A total of 15 interviews were conducted with companies and key informants. The companies ranged from small start-ups to very large publicly traded entities in the online media and health information space. A major theme that emerged from these interviews was that for companies, advancing research is a worthy goal, but not a primary concern. Thus, any collaboration with researchers or sharing of research data needs to respect the company’s business model and goals. Furthermore, despite their technically advanced nature, some seemed reluctant to devote the resources necessary to support data export unless it serves a direct business purpose. Companies were also very concerned about customer relationships, and sharing data outside of the company presents a risk of loss of customer trust. Some companies acknowledged that collaborating with an academic institution can help provide credibility in the marketplace, but others emphasized the difficult and lengthy process required to develop such relationships.

While there was no consensus on the best approach, company and key informants, more than the other cohorts, highlighted the complexity of privacy, informed consent, and personal data. What became clear was that there is a deep intertwining of data privacy, IRBs, informed consent, licensing agreements, network and database security, HIPAA and other legal frameworks, user interface design, corporate policies, and customer relations.


Taken together, there appear to be many opportunities for, and considerable enthusiasm about, the potential for leveraging PHD for health research. Challenges to the use of PHD for health research were identified in the following six areas: data ownership; data access for research; privacy; informed consent and ethics; research methods and data quality; and issues related to an evolving ecosystem of devices, apps, and other services that leave “digital footprints.” Nonetheless, many of the individuals interviewed considered these challenges surmountable and viewed them as opportunities for stakeholder engagement to improve knowledge, practice and policy-level efforts that support PHD use. While some of these issues overlap with one another, what follows are suggested approaches to begin to address each area.

Data Ownership

Important differences exist with respect to how individuals and companies view ownership of PHD. In the survey of individuals, we found that some did not care who owned the data they generate, although a clear majority wanted to own or at least share ownership of the data with companies. Importantly, many thought that they actually did own these data, even though many have almost certainly entered into “click-through” agreements in which they have given those rights away to companies. While this difference of opinion and/or perception does not appear to be a major barrier at present to growth in use of self-tracking technologies, it may foreshadow a deeper divide between public attitudes and corporate practices that would benefit from future policy-making in this area.

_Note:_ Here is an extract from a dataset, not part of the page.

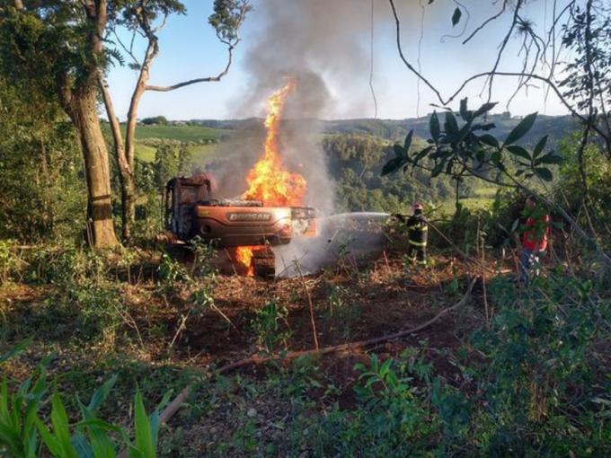 Uma escavadeira foi consumida pelo fogo, no interior de Erval Grande, na tarde desta segunda-feira, dia 07. Segundo os Bombeiros Voluntários de São Valentim e Benjamin Constant do Sul, que atenderam a ocorrência a máquina estava na comunidade de Secção Sete de Setembro.

Such policies may become increasingly important as researchers move to combine PHD with more traditional forms of health data, such as electronic health records.

Data Access for Research

Although individuals expressed concerned about maintaining their privacy, they conveyed considerable willingness to have their PHD shared with and used by researchers. Their main concerns related to commercial uses of their PHD, to which many had an aversion. Both researchers and companies noted that even when there is general willingness to share PHD, accomplishing this can be an arduous task due to regulatory and legal constraints. IRBs must be willing to accept data collection practices of third parties, something that has come under scrutiny after high-profile cases like the Facebook emotional contagion experiment.13 Creating the right contract language, material transfer agreements, or other documentation that satisfies both corporate counsel as well as the research partners is challenging. There is a need for new technology and policy solutions that ease the movement of data between companies and researchers while protecting the rights of individuals. Other strategies include advancing and fostering the adoption of language for data use agreements and terms of service that make it easier for companies to respond if a customer desires to make their data available for research. This latter approach, used in the recently released Apple ResearchKit,14 allows researchers interested in PHD to recruit participants into a study as long as participants are willing to release their data for study purposes. Finally, the notion of some form of data repository or data commons surfaced in several interviews and may be worthy of further attention.

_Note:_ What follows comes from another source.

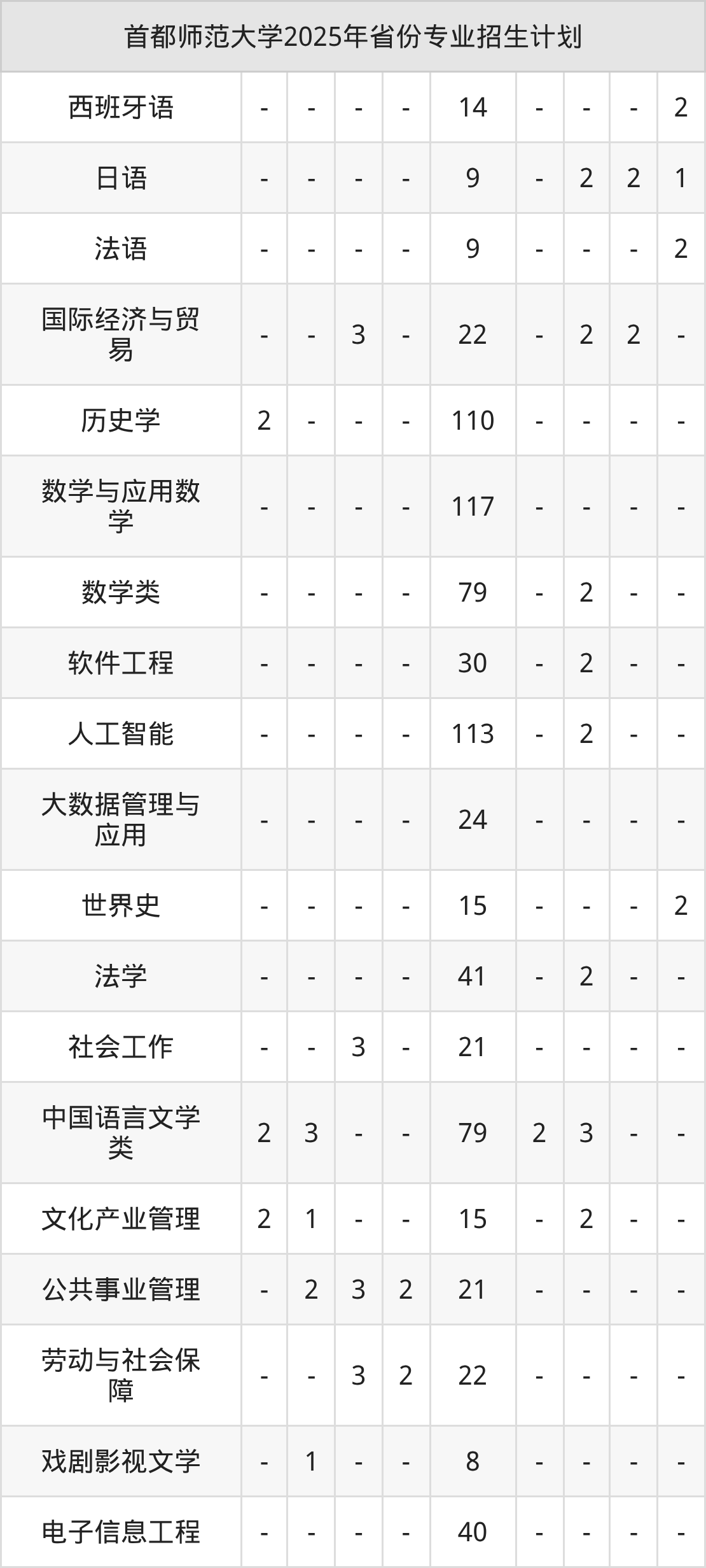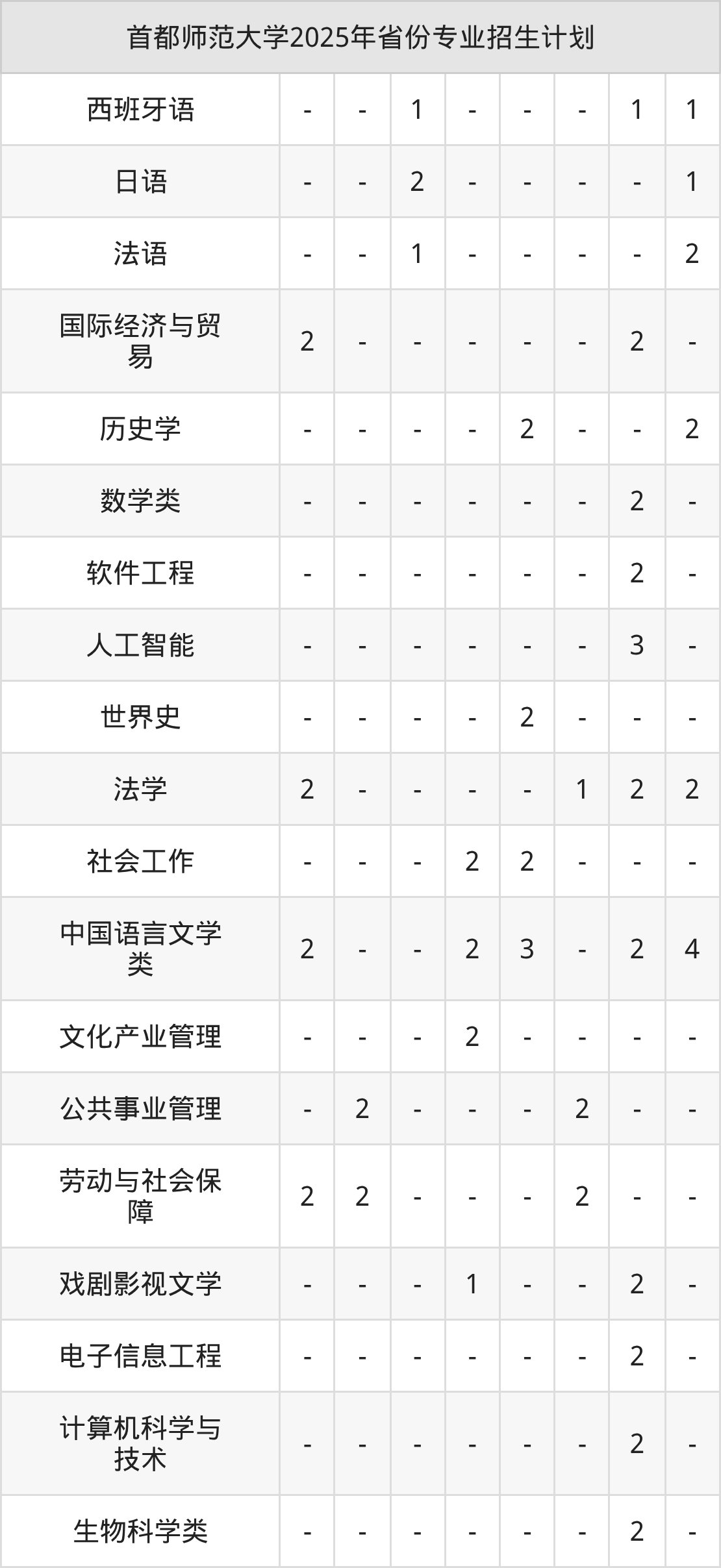 | 首都师范大学本科招生专业 | |

Policies and practices that relate to privacy of health information that emerged in the era of medical records, clinical trials, and periodic public health surveys may be insufficient at this time when more and more PHD are being produced. Users of self-tracking technologies are frequently unaware of the details of data access to which they agree in the context of clicking “accept” to terms of use. Even with an awareness of data access issues and permissions, it is often difficult to predict effects on privacy. For example, while data may be anonymized before being shared, there is a very real risk of revealing a person’s identity if two or more sources of personal data are combined.15 In this unsettled policy and technology environment, there is also little understanding of the nature and degree of actual risks, if any, associated with re-identification and/or other breaches of PHD privacy.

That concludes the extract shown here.